The over-arching themes instead were about dialogue, crossing borders, globalization and displacement, and learning about each other in this complicated world far past our preconceived ideas. There were films dealing with Soviet history and Tatar traditions, Middle Eastern and Iranian history and contemporary issues, immigration, and the plight of children in Afghanistan, Africa, and Latin America.
Many of the films were somber, revealing deep anxieties and fissures between industrialized and developing countries. And yet the mood of the event itself was optimistic and even joyous, as participants gathered across national and religious lines of all kinds to see the films and learn about each other’s worlds.
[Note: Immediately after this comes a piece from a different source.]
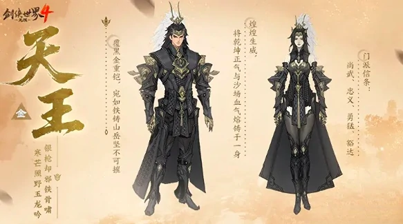 天王门派源自洞庭义军,设计融合军旅风格,武器原型为枪、盾,角色身着黑金铠甲,腰系龙形扣带。

Filmmakers and films came from such far-flung places as Iran, Bahrain, Poland, Hungary, Switzerland, Germany, Russia, Indonesia, Saudi Arabia, and Israel — and at any given time a group of people would represent at least six or seven countries. The audiences came from the very diverse communities that make up the city of Kazan –Russian, Tatar, Muslim, Christian, and many more.
I was amazed and delighted by the intense audience reactions to NEW MUSLIM COOL –the only documentary set in the United States – and was especially thrilled to see how many older people turned out for the film and really seemed to get it. They were really moved by the story of Hamza and his family and community, and all of the inter-faith and inter-community storylines.
The festival closed with a fabulous over-the-top gala featuring dancers and musicians in some very high production numbers mixing Vegas flash and Tatarstan tradition. We all got to ride for a block in limousines and emerge on the red carpet to legions of shouting fans – a definite first and likely a last for this documentary filmmaker.
So from all of us at NEW MUSLIM COOOL, thank you for that once-in-a-lifetime experience, Golden Minbar!